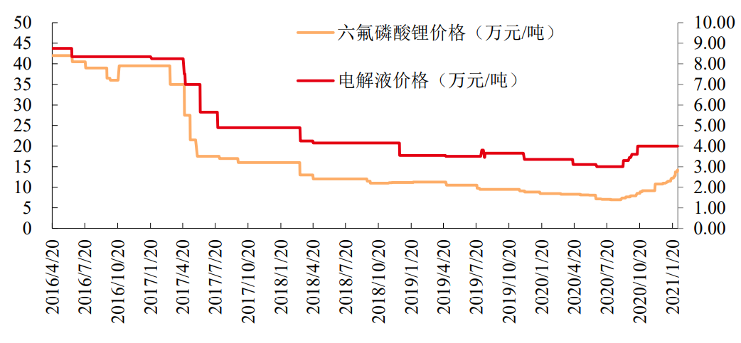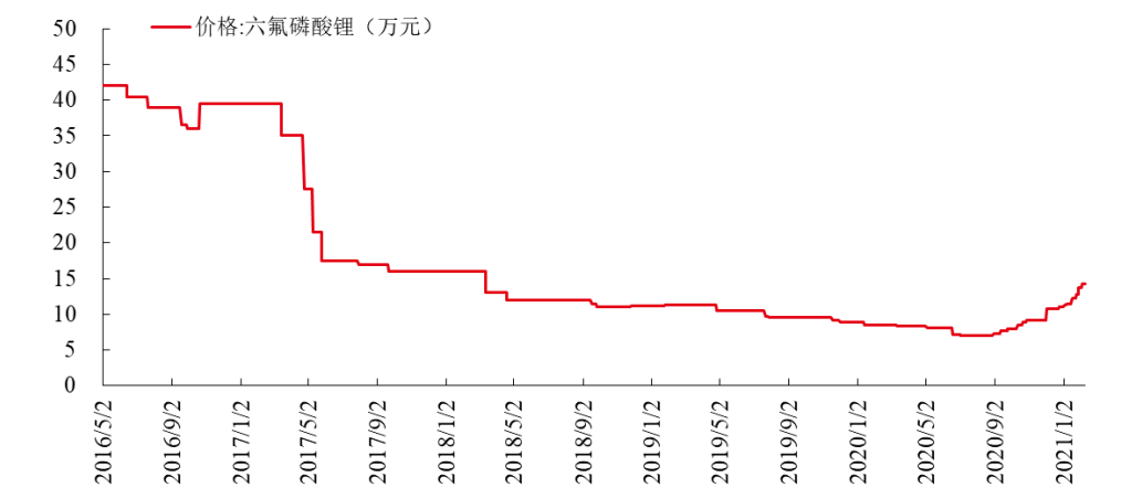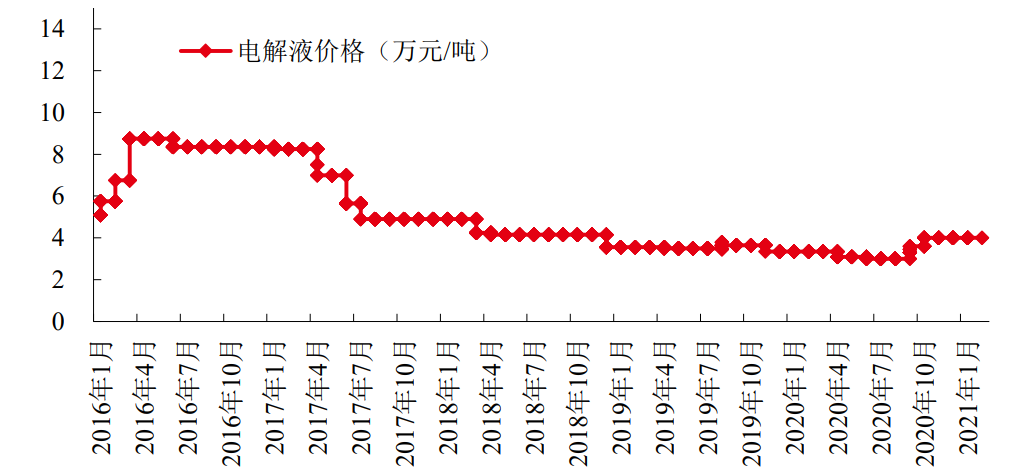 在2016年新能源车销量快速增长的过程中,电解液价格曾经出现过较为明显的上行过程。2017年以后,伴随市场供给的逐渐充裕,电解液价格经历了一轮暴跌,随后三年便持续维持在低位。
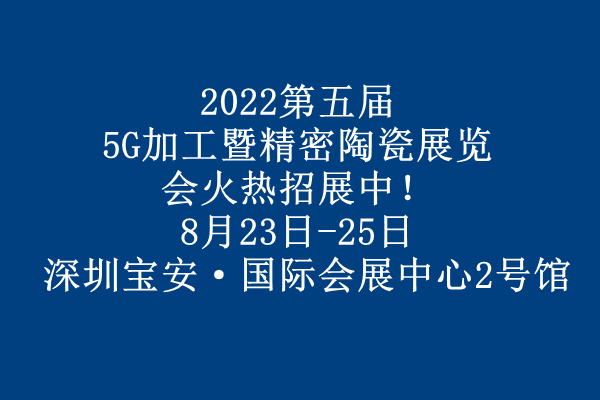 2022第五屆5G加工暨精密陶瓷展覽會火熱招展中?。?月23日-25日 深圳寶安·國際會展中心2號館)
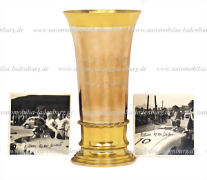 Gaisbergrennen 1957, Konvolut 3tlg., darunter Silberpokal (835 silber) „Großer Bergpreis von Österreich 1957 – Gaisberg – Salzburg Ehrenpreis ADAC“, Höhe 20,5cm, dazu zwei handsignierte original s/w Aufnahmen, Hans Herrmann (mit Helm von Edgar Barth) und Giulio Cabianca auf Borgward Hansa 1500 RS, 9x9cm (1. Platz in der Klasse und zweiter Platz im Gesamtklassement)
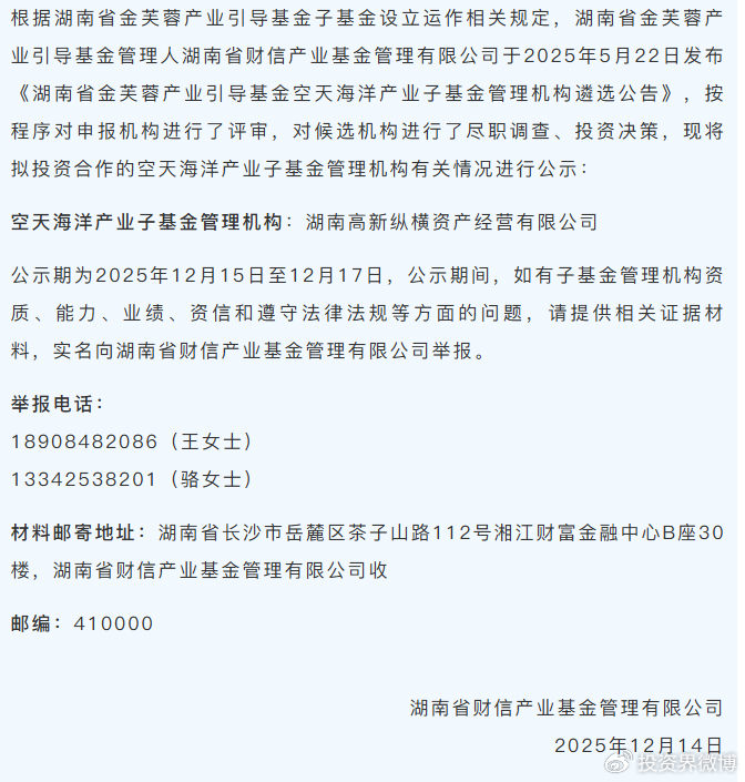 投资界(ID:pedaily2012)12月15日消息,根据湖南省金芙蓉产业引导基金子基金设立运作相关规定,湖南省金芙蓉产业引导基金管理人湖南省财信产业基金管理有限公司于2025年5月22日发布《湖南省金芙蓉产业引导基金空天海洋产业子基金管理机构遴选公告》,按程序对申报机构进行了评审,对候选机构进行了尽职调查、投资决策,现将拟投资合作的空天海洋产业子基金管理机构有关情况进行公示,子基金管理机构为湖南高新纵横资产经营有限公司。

---

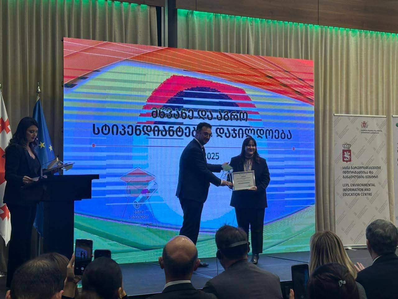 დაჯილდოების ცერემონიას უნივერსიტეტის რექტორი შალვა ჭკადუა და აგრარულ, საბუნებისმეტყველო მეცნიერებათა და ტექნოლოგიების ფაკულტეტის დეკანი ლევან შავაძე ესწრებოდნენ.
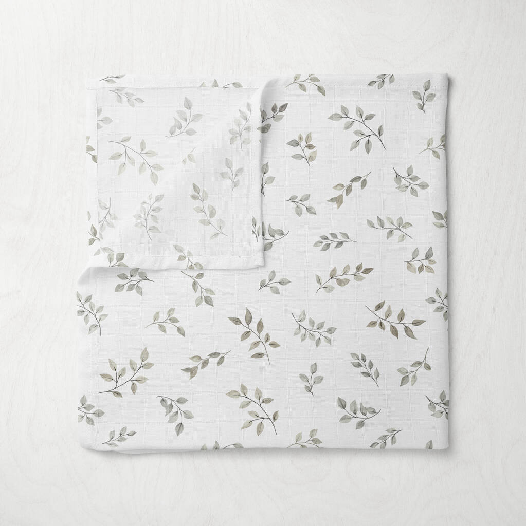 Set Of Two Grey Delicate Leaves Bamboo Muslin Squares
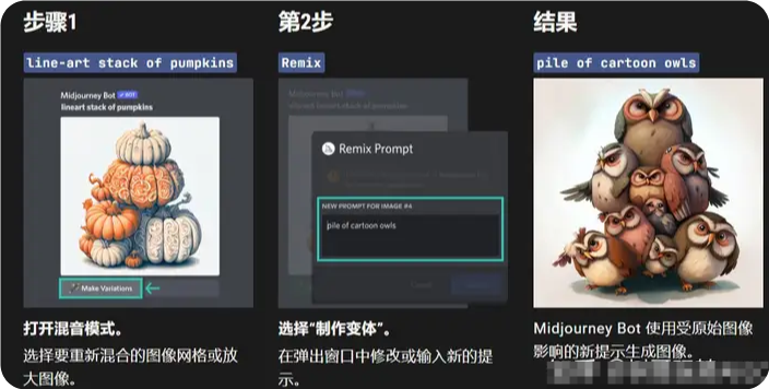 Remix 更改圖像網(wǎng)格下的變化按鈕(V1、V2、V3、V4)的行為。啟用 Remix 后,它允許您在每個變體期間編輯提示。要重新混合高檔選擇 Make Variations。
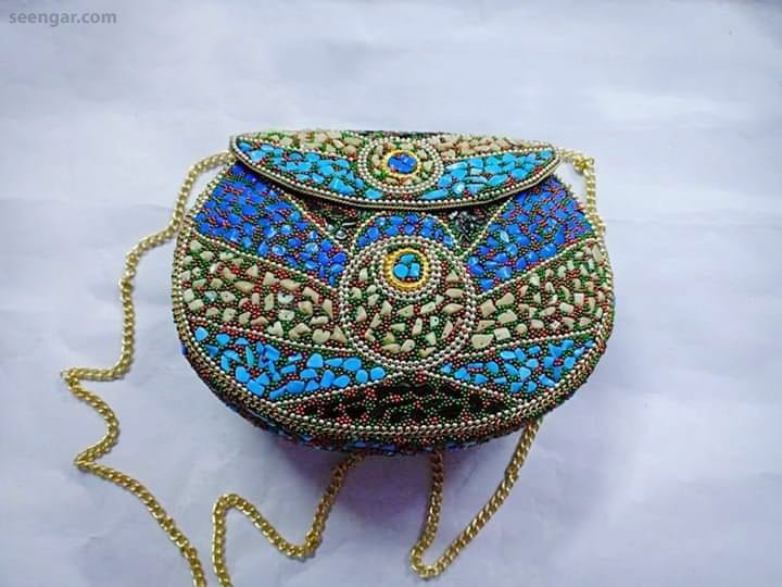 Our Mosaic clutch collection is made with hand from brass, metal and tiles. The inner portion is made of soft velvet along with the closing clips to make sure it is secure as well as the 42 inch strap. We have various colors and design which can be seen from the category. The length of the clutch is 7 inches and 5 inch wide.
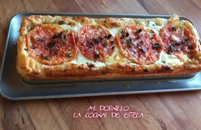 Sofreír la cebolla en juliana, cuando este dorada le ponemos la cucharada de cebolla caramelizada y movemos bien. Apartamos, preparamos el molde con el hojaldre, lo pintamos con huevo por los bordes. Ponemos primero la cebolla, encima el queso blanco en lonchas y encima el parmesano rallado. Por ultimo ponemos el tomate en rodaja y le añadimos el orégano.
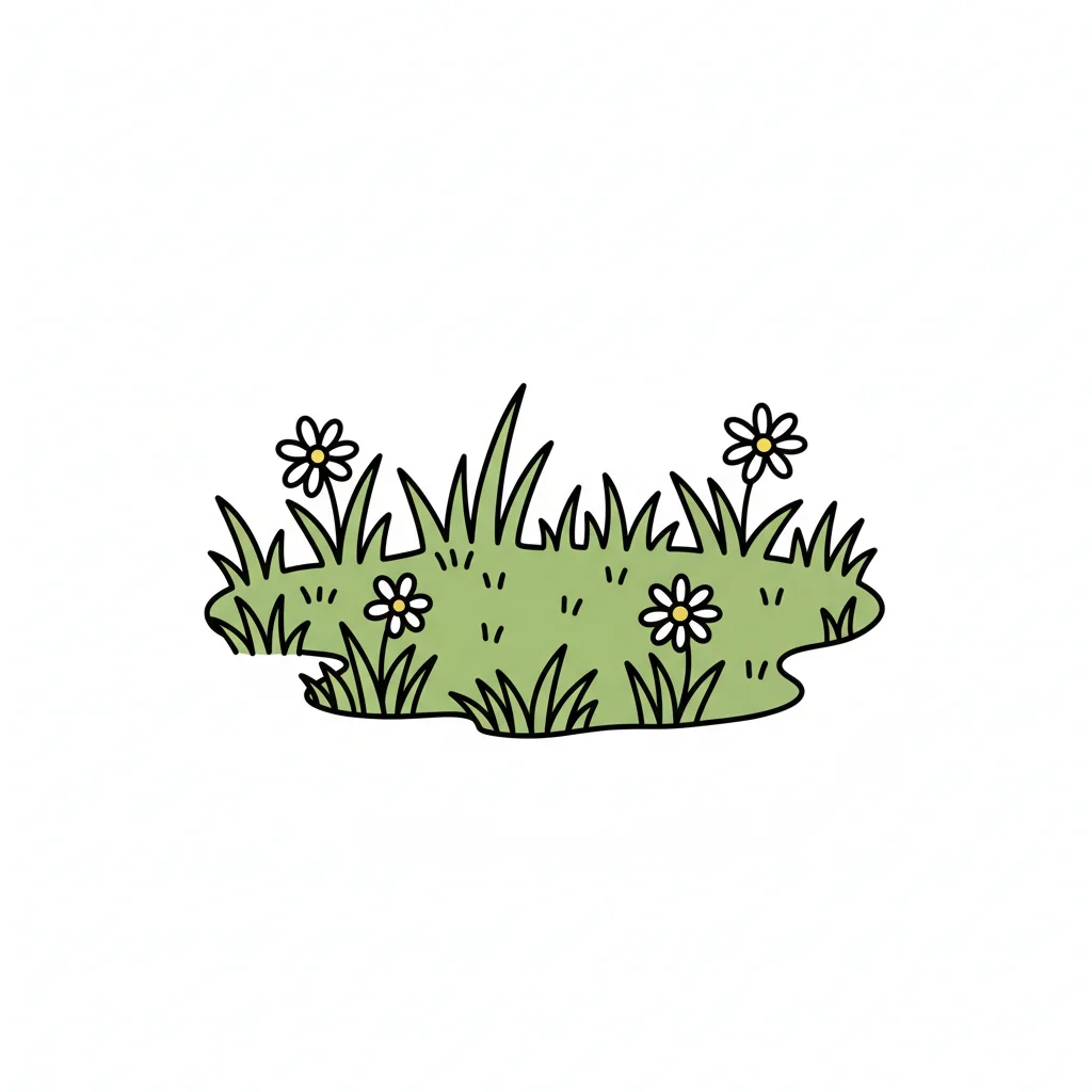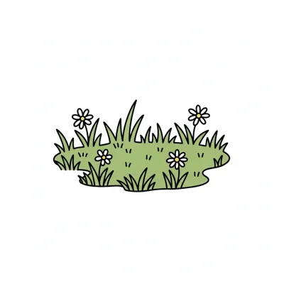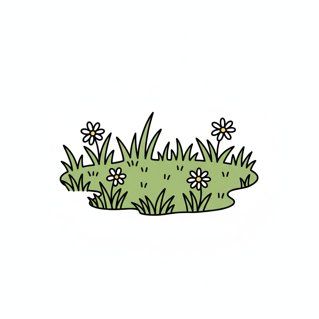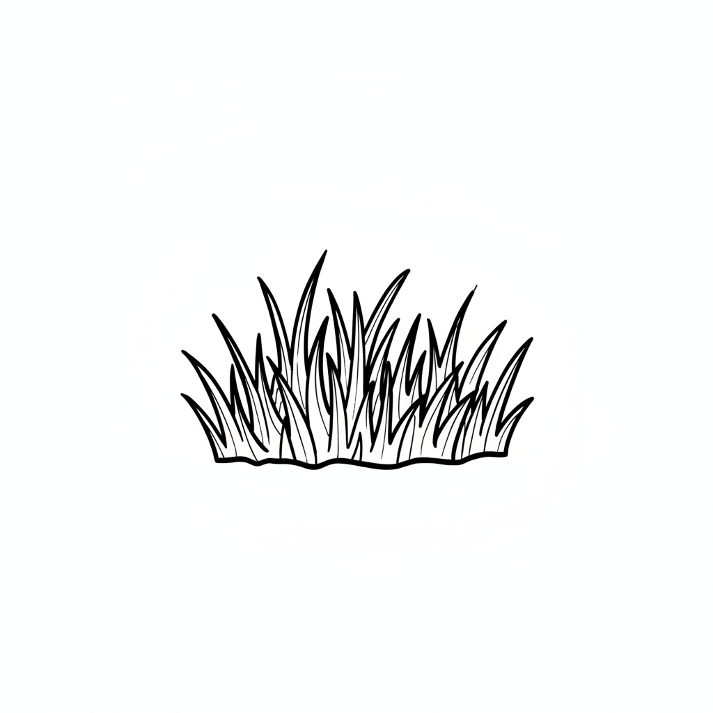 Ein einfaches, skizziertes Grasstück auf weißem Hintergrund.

* * *

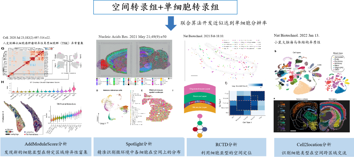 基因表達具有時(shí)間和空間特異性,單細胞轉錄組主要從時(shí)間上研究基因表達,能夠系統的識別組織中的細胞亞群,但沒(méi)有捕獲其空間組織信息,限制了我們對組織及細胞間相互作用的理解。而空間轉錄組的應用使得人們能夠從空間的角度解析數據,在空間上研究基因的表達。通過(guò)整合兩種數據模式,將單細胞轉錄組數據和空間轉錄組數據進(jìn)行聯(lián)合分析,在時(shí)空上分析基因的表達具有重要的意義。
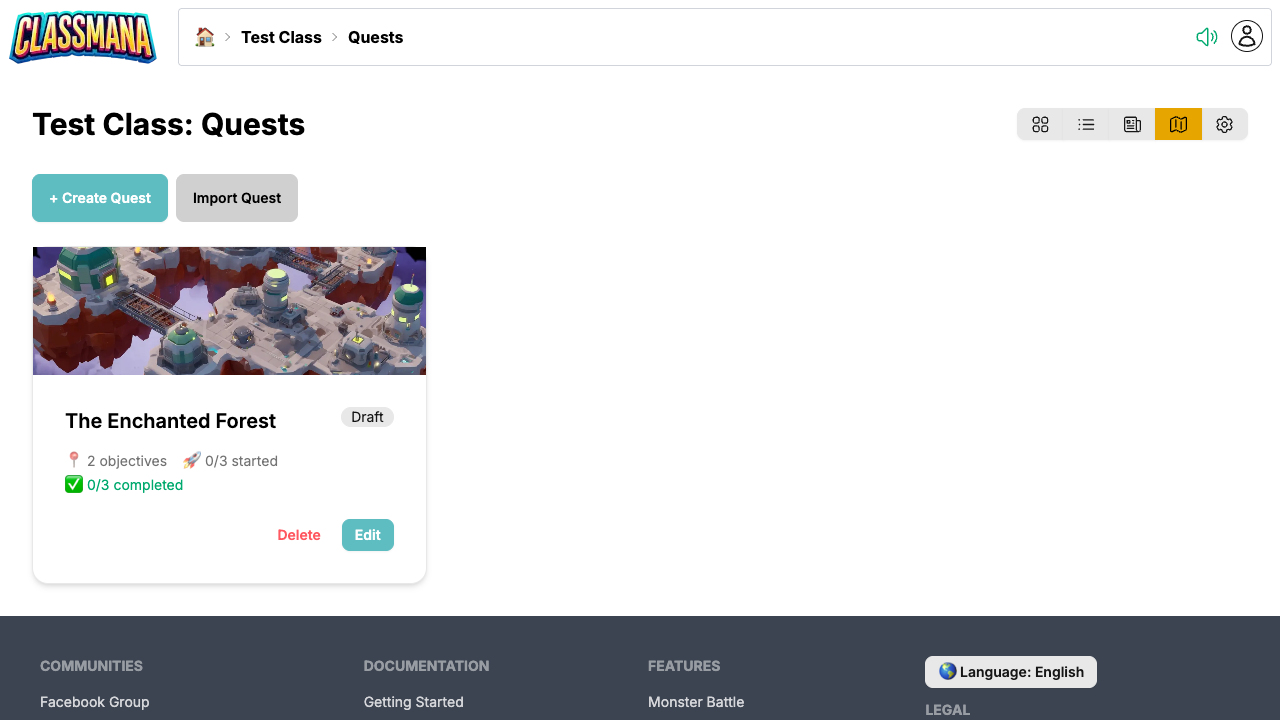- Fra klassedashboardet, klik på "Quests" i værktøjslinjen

** Description of the task **
Within the listing above, copy exactly the lines that start at the one with "在2016年新能源车销量快速" and continue through the one with "投资界(ID:pedaily". Omit pictures.

** Answer **
 在2016年新能源车销量快速增长的过程中,电解液价格曾经出现过较为明显的上行过程。2017年以后,伴随市场供给的逐渐充裕,电解液价格经历了一轮暴跌,随后三年便持续维持在低位。
 2022第五屆5G加工暨精密陶瓷展覽會火熱招展中?。?月23日-25日 深圳寶安·國際會展中心2號館)
 Gaisbergrennen 1957, Konvolut 3tlg., darunter Silberpokal (835 silber) „Großer Bergpreis von Österreich 1957 – Gaisberg – Salzburg Ehrenpreis ADAC“, Höhe 20,5cm, dazu zwei handsignierte original s/w Aufnahmen, Hans Herrmann (mit Helm von Edgar Barth) und Giulio Cabianca auf Borgward Hansa 1500 RS, 9x9cm (1. Platz in der Klasse und zweiter Platz im Gesamtklassement)
 投资界(ID:pedaily2012)12月15日消息,根据湖南省金芙蓉产业引导基金子基金设立运作相关规定,湖南省金芙蓉产业引导基金管理人湖南省财信产业基金管理有限公司于2025年5月22日发布《湖南省金芙蓉产业引导基金空天海洋产业子基金管理机构遴选公告》,按程序对申报机构进行了评审,对候选机构进行了尽职调查、投资决策,现将拟投资合作的空天海洋产业子基金管理机构有关情况进行公示,子基金管理机构为湖南高新纵横资产经营有限公司。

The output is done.